> Work to be completed: Write out the data exactly, please, and omit the pictures.

> Collected data:
--------------------

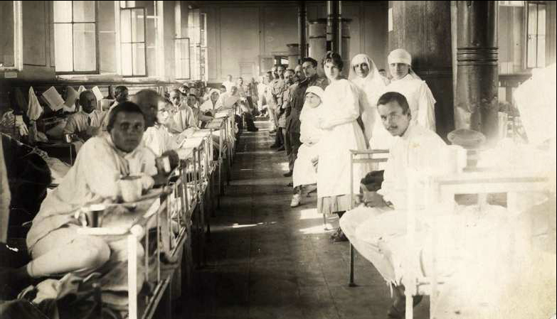 Плакат 1-й мировой войны, 1915 (lomasm.ru) Многие именитые горожане жертвовали на обустройство раненых, детей погибших и потерявших трудоспособность на войне. В сибирских городах создаются отделения Петроградского общества вспомоществования «бедным семействам поляков и бедствующему польскому населению» [5]. Ново-Николаевск размещает у себя около 3 500 семей беженцев оказывая им как финансовую, так и продовольственную помощь, предоставляя льготы на обучение детям Георгиевских кавалеров. Жители собирают бельё и теплую одежду. Беседин Алексей Григорьевич, городской голова (20.12.1914):«Граждане, жертвуйте на помощь раненым воинам русской армии. Каждая лишняя ваша посылка в сегодняшний день, каждый лишний рубль, каждый двугривенный, опущенный в кружку, которыми будут снабжены извозчики, даст возможность приобрести для воинов лишнюю смену белья. Помните, что только дружная поддержка всей страны поможет выйти с честью из ниспосланного родине испытания» [6]. Не забывает город и сражающихся на фронтах. Ещё осенью 1914-го в Петрограде создано Сибирское общество подачи помощи больным и раненым воинам. Им создаются полевые и этапные лазареты и шесть врачебно-питательных отрядов. Для попечения раненых воинов-сибиряков 8 марта 1915 года отделом Сибирского общества под председательством Н.А. Туркина был создан «санитарный отряд имени Ново-Николаевского отдела». С патронажем члена Государственной думы IV созыва В. Н. Пепеляева. Свою деятельность 3-й Сибирский Ново-Николаевский врачебно-питательный отряд развернул в Польше, где сражалось много сибирских полков. Военный лазарет 4-го Сибирского стрелкового корпуса (Новосибирский краеведческий музей) В разные годы Гражданской войны в городе находилось 12 госпиталей и лазаретов. Под них были заняты поезда, санитарные летучки. В войсках работали перевязочные, эпидемические отряды. Не хватало врачей, лекарств и материалов. Копылов Г. доктор: «С востока привозили и привозят хоть и контрабандой много необходимых для больного населения вещей. Марлю, например, можно купить в городе в довольно большом количестве, но разумеется, по дорогой цене. Но эта марля вряд ли попадёт в наши госпитали. Наших героев будут перевязывать корпией, как 50 лет тому назад, а марля пойдёт на цели, ничего общего с медициной не имеющие» [7]. Вдобавок к войне, антисанитарии, десяткам тысяч беженцев в город пришли эпидемии холеры и тифа. Среди зараженных и больных было не только гражданское население, но и много военных. По госпиталям и баракам в городе насчитывалось до 70 000 больных тифом и туберкулёзом. Записка военных врачей сотрудникам Чекатифа от 13 января 1920:«Военный городок – это зараженный, вымирающий пункт <…> Приходится опасаться за то, чтобы он не превратился в сплошное кладбище» [8]. Здесь, том числе в военном госпитале, находилось до 20 000 больных пленных белогвардейцев, не считая тысяч уже умерших. После взятия Ново-Николаевска красной армией, новая власть стала решительно бороться с эпидемией. Госпитали и лазареты оборудовались в самых разных учреждениях: в кинотеатрах, гимназиях, в ресторане «Универсаль», в здании спиртового завода Злоказова, в доме окружного суда, в еврейском училище. Вопреки требованиям, для больных устраивались двойные нары, но их всё равно не хватало. Так, в Восьмом Ново-Николаевском госпитале больные лежали 
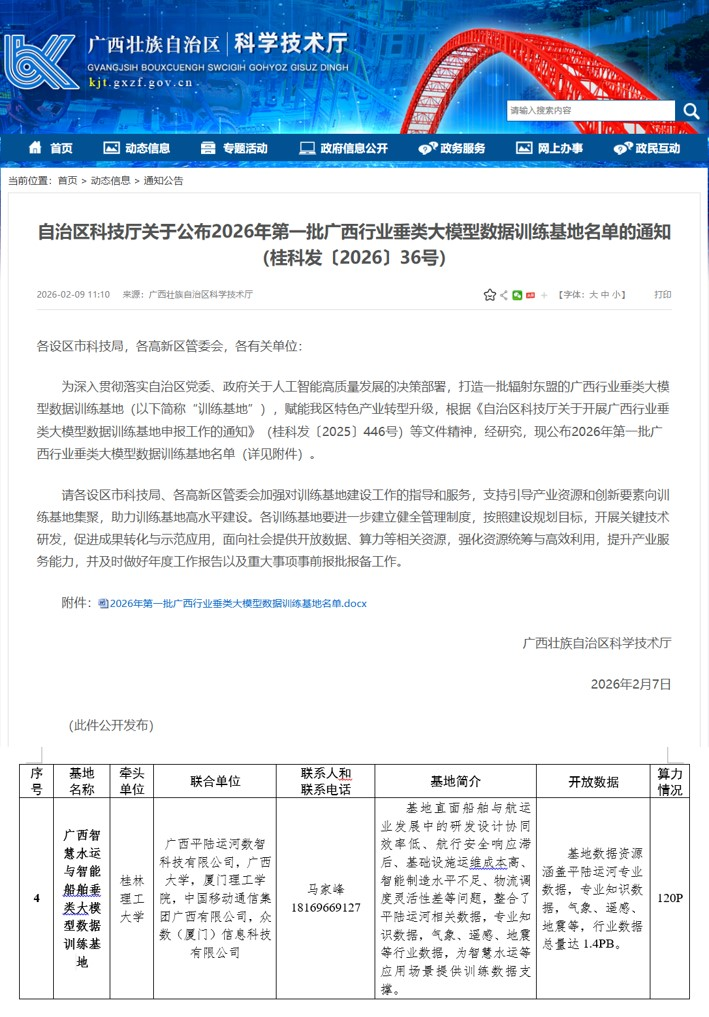 近日,自治区科技厅公布2026年第一批广西行业垂类大模型数据训练基地认定名单。由我院牵头,联合平陆运河数智科技有限公司、广西大学、厦门理工学院、中国移动通信集团广西有限公司、众数(厦门)信息科技有限公司等行业优势单位申报的“广西智慧水运与智能船舶垂类大模型数据训练基地”成功入选。这是对我院在智慧水运、智能船舶领域以及大模型数据工作的学科优势、科研实力与产业服务能力的高度认可,标志着学校在服务区域人工智能战略布局中又迈出了坚实一步。
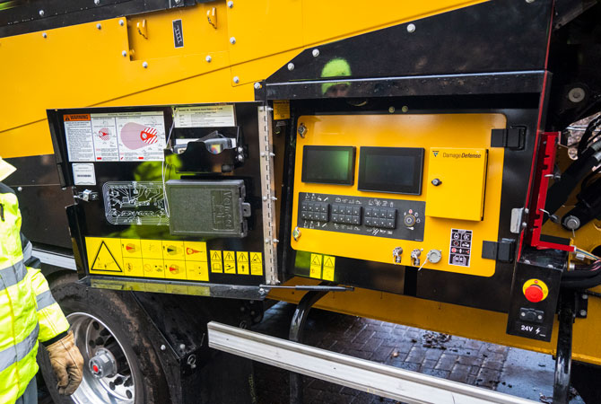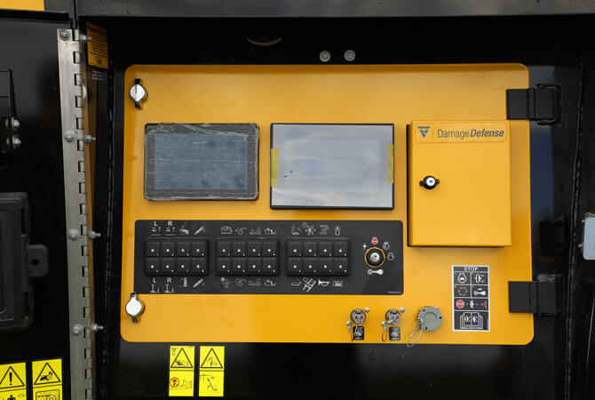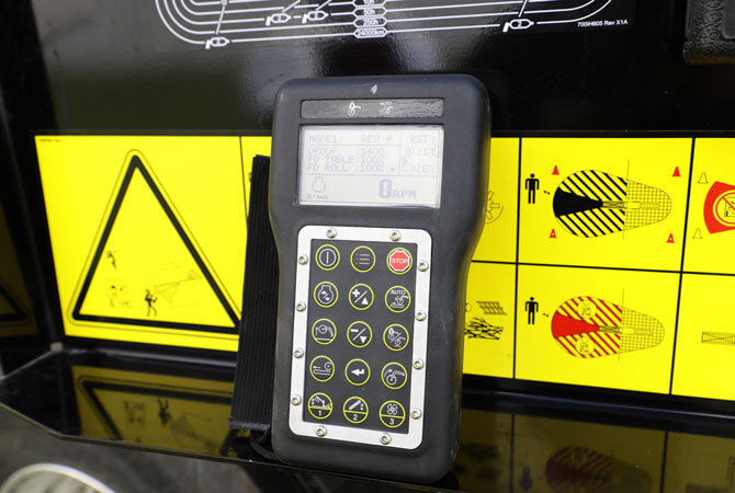 Une commande à distance sans fil permet à l’opérateur de piloter la plupart des fonctions de la machine jusqu’à une distance de 91 m. Depuis la cabine, l’opérateur peut ainsi, en fonction du type de matériaux, modifier les paramètres de la machine, notamment les réglages de l'alimentation et la hauteur du tapis.

--------------------

> Solution:
 Плакат 1-й мировой войны, 1915 (lomasm.ru) Многие именитые горожане жертвовали на обустройство раненых, детей погибших и потерявших трудоспособность на войне. В сибирских городах создаются отделения Петроградского общества вспомоществования «бедным семействам поляков и бедствующему польскому населению» [5]. Ново-Николаевск размещает у себя около 3 500 семей беженцев оказывая им как финансовую, так и продовольственную помощь, предоставляя льготы на обучение детям Георгиевских кавалеров. Жители собирают бельё и теплую одежду. Беседин Алексей Григорьевич, городской голова (20.12.1914):«Граждане, жертвуйте на помощь раненым воинам русской армии. Каждая лишняя ваша посылка в сегодняшний день, каждый лишний рубль, каждый двугривенный, опущенный в кружку, которыми будут снабжены извозчики, даст возможность приобрести для воинов лишнюю смену белья. Помните, что только дружная поддержка всей страны поможет выйти с честью из ниспосланного родине испытания» [6]. Не забывает город и сражающихся на фронтах. Ещё осенью 1914-го в Петрограде создано Сибирское общество подачи помощи больным и раненым воинам. Им создаются полевые и этапные лазареты и шесть врачебно-питательных отрядов. Для попечения раненых воинов-сибиряков 8 марта 1915 года отделом Сибирского общества под председательством Н.А. Туркина был создан «санитарный отряд имени Ново-Николаевского отдела». С патронажем члена Государственной думы IV созыва В. Н. Пепеляева. Свою деятельность 3-й Сибирский Ново-Николаевский врачебно-питательный отряд развернул в Польше, где сражалось много сибирских полков. Военный лазарет 4-го Сибирского стрелкового корпуса (Новосибирский краеведческий музей) В разные годы Гражданской войны в городе находилось 12 госпиталей и лазаретов. Под них были заняты поезда, санитарные летучки. В войсках работали перевязочные, эпидемические отряды. Не хватало врачей, лекарств и материалов. Копылов Г. доктор: «С востока привозили и привозят хоть и контрабандой много необходимых для больного населения вещей. Марлю, например, можно купить в городе в довольно большом количестве, но разумеется, по дорогой цене. Но эта марля вряд ли попадёт в наши госпитали. Наших героев будут перевязывать корпией, как 50 лет тому назад, а марля пойдёт на цели, ничего общего с медициной не имеющие» [7]. Вдобавок к войне, антисанитарии, десяткам тысяч беженцев в город пришли эпидемии холеры и тифа. Среди зараженных и больных было не только гражданское население, но и много военных. По госпиталям и баракам в городе насчитывалось до 70 000 больных тифом и туберкулёзом. Записка военных врачей сотрудникам Чекатифа от 13 января 1920:«Военный городок – это зараженный, вымирающий пункт <…> Приходится опасаться за то, чтобы он не превратился в сплошное кладбище» [8]. Здесь, том числе в военном госпитале, находилось до 20 000 больных пленных белогвардейцев, не считая тысяч уже умерших. После взятия Ново-Николаевска красной армией, новая власть стала решительно бороться с эпидемией. Госпитали и лазареты оборудовались в самых разных учреждениях: в кинотеатрах, гимназиях, в ресторане «Универсаль», в здании спиртового завода Злоказова, в доме окружного суда, в еврейском училище. Вопреки требованиям, для больных устраивались двойные нары, но их всё равно не хватало. Так, в Восьмом Ново-Николаевском госпитале больные лежали 
 近日,自治区科技厅公布2026年第一批广西行业垂类大模型数据训练基地认定名单。由我院牵头,联合平陆运河数智科技有限公司、广西大学、厦门理工学院、中国移动通信集团广西有限公司、众数(厦门)信息科技有限公司等行业优势单位申报的“广西智慧水运与智能船舶垂类大模型数据训练基地”成功入选。这是对我院在智慧水运、智能船舶领域以及大模型数据工作的学科优势、科研实力与产业服务能力的高度认可,标志着学校在服务区域人工智能战略布局中又迈出了坚实一步。
 Une commande à distance sans fil permet à l’opérateur de piloter la plupart des fonctions de la machine jusqu’à une distance de 91 m. Depuis la cabine, l’opérateur peut ainsi, en fonction du type de matériaux, modifier les paramètres de la machine, notamment les réglages de l'alimentation et la hauteur du tapis.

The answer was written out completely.